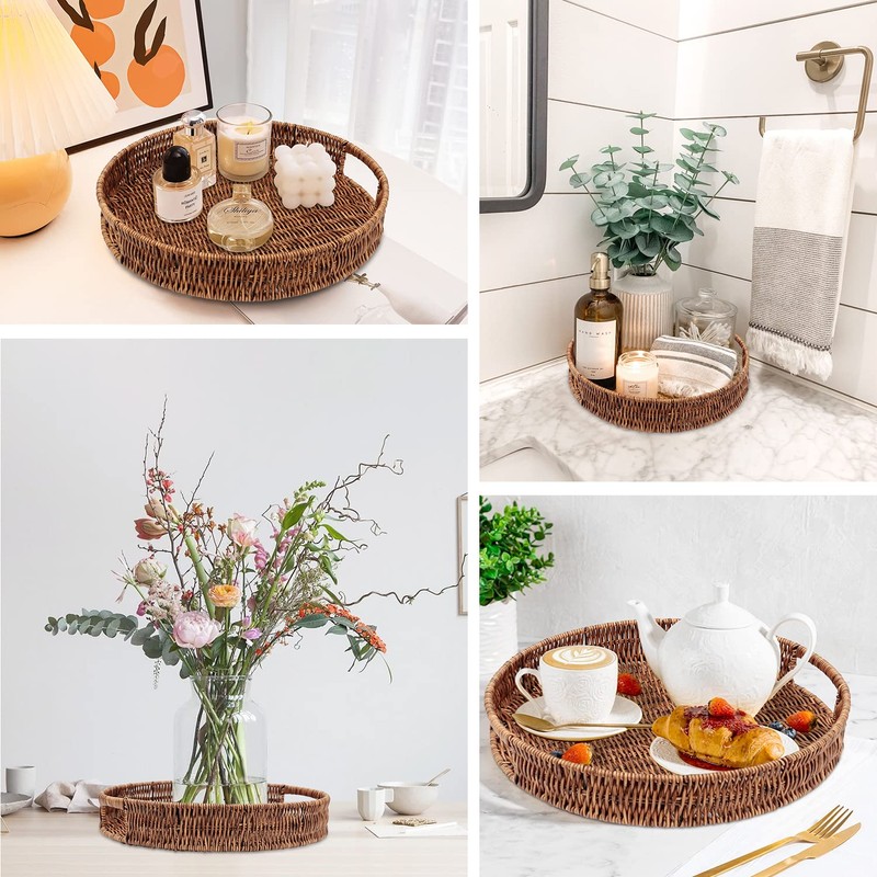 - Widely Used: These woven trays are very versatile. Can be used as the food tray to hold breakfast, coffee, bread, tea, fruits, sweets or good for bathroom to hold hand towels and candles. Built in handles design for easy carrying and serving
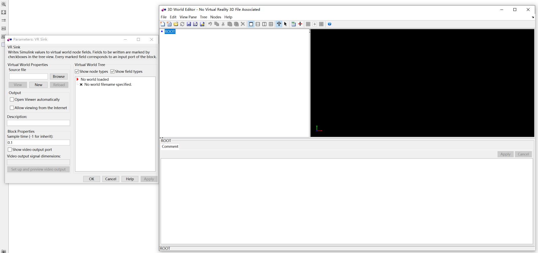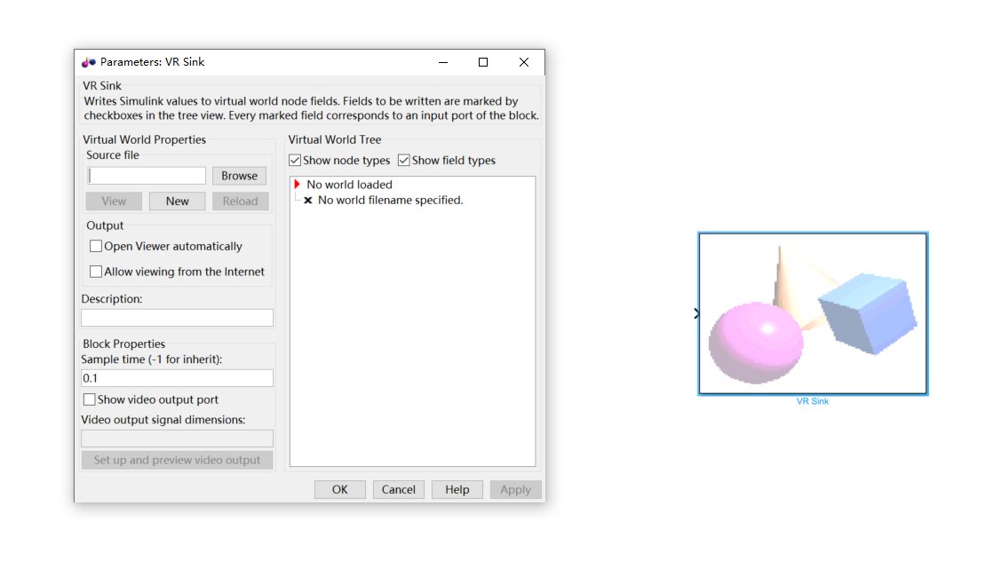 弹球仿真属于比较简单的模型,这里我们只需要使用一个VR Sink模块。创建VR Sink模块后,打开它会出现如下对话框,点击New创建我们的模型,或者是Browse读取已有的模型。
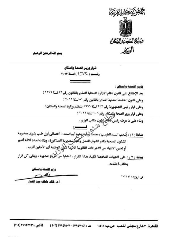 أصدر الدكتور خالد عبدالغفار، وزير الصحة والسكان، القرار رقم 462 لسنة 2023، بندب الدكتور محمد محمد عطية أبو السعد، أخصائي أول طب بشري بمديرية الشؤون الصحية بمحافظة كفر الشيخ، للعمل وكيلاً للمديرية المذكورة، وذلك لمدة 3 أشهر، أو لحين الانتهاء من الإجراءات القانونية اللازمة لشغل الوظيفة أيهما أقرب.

______

WHAT YOU HAVE TO DO:
Reproduce the material above exactly but drop all images.

EXERCISE OUTPUT:
 - Widely Used: These woven trays are very versatile. Can be used as the food tray to hold breakfast, coffee, bread, tea, fruits, sweets or good for bathroom to hold hand towels and candles. Built in handles design for easy carrying and serving
 弹球仿真属于比较简单的模型,这里我们只需要使用一个VR Sink模块。创建VR Sink模块后,打开它会出现如下对话框,点击New创建我们的模型,或者是Browse读取已有的模型。
 أصدر الدكتور خالد عبدالغفار، وزير الصحة والسكان، القرار رقم 462 لسنة 2023، بندب الدكتور محمد محمد عطية أبو السعد، أخصائي أول طب بشري بمديرية الشؤون الصحية بمحافظة كفر الشيخ، للعمل وكيلاً للمديرية المذكورة، وذلك لمدة 3 أشهر، أو لحين الانتهاء من الإجراءات القانونية اللازمة لشغل الوظيفة أيهما أقرب.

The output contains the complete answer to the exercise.